Laboratory robots with built-in artificial-intelligence software can look after stem-cell cultures independently.Credit: Masatoshi Okauchi/Shutterstock
In a biology laboratory in Tokyo, ten robots conduct experiments, using their two arms to handle liquids, grow cells on plates and operate scientific instruments, among other basic tasks.
The Robotics Innovation Center at the Institute of Science Tokyo opened its automated laboratory in April. Later this year, the lab will be made available for use by other researchers at the institute, says Genki Kanda, an automation researcher who works at the robotics centre. He says that the lab’s ultimate goal is to create a “factory-scale” facility with thousands of robots that could be used by local and international scientists by 2040 or 2050.
A laboratory with that many robots would be exciting, says Yan Zeng, a materials scientist at Vanderbilt University in Nashville, Tennessee. “I will be curious to see how soon they are really going to achieve that goal,” notes Zeng, who hopes that the lab could be used by scientists globally, like other leading scientific facilities such as Europe’s particle-physics lab CERN.
Researchers in the life sciences have been automating lab work for at least a decade. Some facilities have one-armed robots that can handle samples in experiments, for instance. But two-armed robots can do more complicated and sophisticated tasks, says Zeng.
The robots in the Tokyo lab also contain artificial-intelligence software that enables them to make some decisions themselves. The robots aren’t just automating the work, they can analyse and improve on experimental methods, says Andrew Cooper, a chemist at the University of Liverpool, UK.
The robots can make decisions about the experiments, says Kanda. For example, an AI program used by Kanda and his team identified and tested 144 experimental conditions in 111 days to work out the optimal conditions for culturing human stem cells. In another experiment, an AI program was able to image cells being cultured on a dish, predict how the cells would grow over time and then work out the best time to harvest them. The robots also looked after the cell cultures continuously for eight days while researchers were away on holidays.

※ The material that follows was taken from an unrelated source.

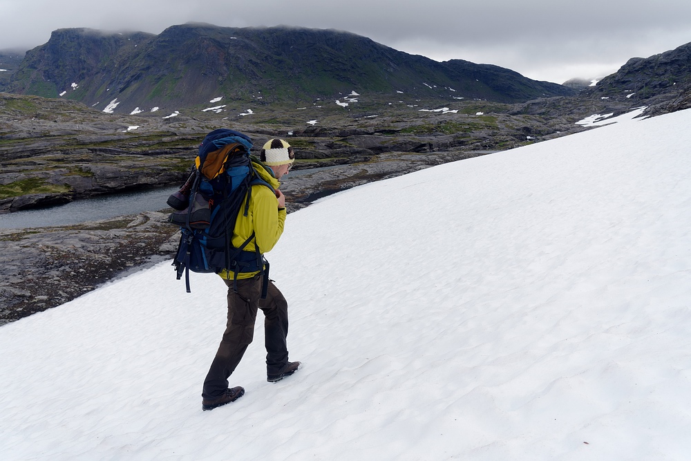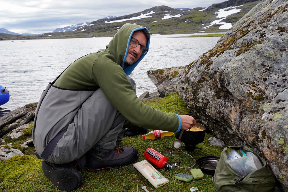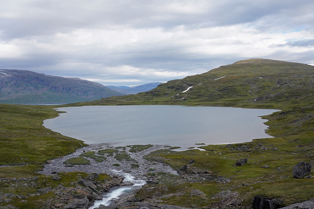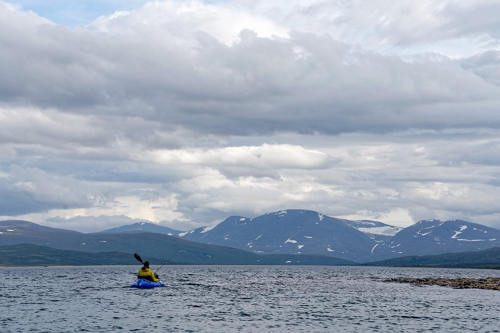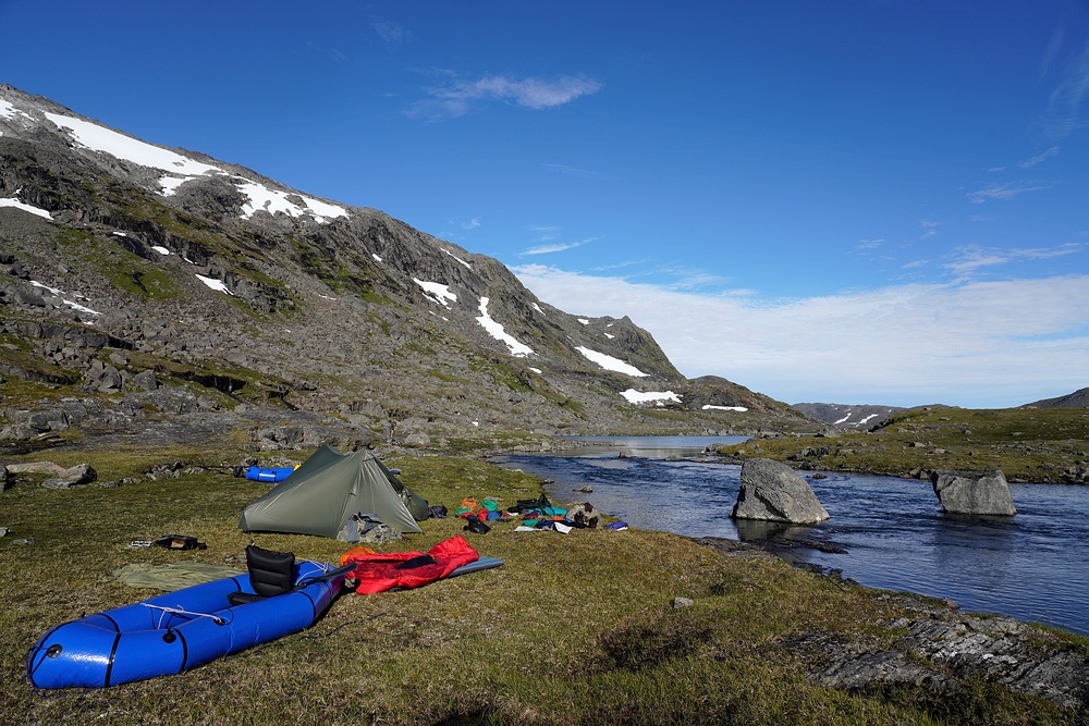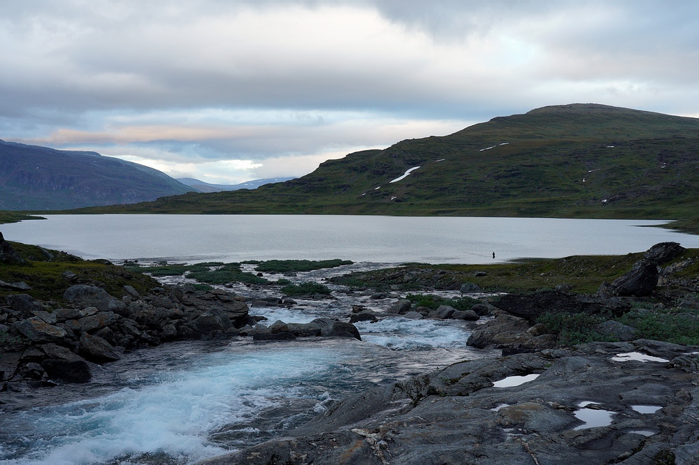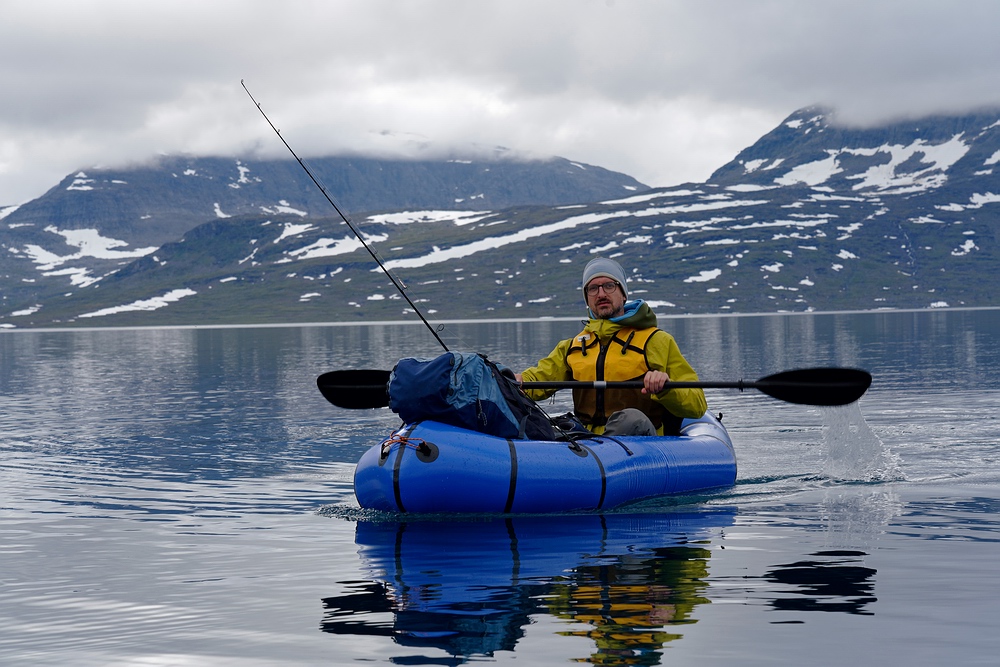 | Hier treffen wir das vorerst einzige Mal auf eine andere Menschenseele. Am anderen Ende des Sees steht ein Zelt und eine aus der Entfernung winzige Person, sodass ich zum Plaudern hin paddle. Der freundliche Schwede aus Gällivare ist per Motorboot auf dem großen Sitajsaure [Anm.: Jaure oder Javri heißt See in der Sprache der Sami] bis in die Nähe gefahren und hat seine Siebensachen zu diesem Bergsee hochgetragen, um hier ein paar Tage auf Saiblinge zu fischen. Bei vielleicht 6-7 °C Luft- und Wassertemperatur steht der Nordländer mit Sandalen im seichten Wasser und berichtet, dass der Sommer heuer ausgefallen ist. Versucht er, das mit sommerlichem Schuhwerk zu kompensieren? |

Kanda says that the robots save researchers time by doing repetitive tasks, allowing them to focus on designing experiments, interpreting results and generating fresh ideas.
Humans are still needed
Kanda’s team still need to do some tasks, he says, such as preparing reagents and materials for the robots to use, as well as troubleshooting and cleaning up after experiments. They also need to refill reagents and consumables mid-experiment if many of them are used, he notes. Humans need to fix problems with the equipment and have to step in when the robots make mistakes. His team is working to automate these tasks by integrating software into the robots that can act like an AI scientist, making decisions when errors occur and adapting protocols according to the lab set-up and what resources and equipment are available.
But Cooper says that fully autonomous labs are still a while away, because integrating AI software into physical robots is challenging and requires advanced programming skills. AI-enabled robots could potentially identify and correct mistakes, such as dropping a vial, without a person intervening. However, that work is still in the proof-of-concept stage, he adds.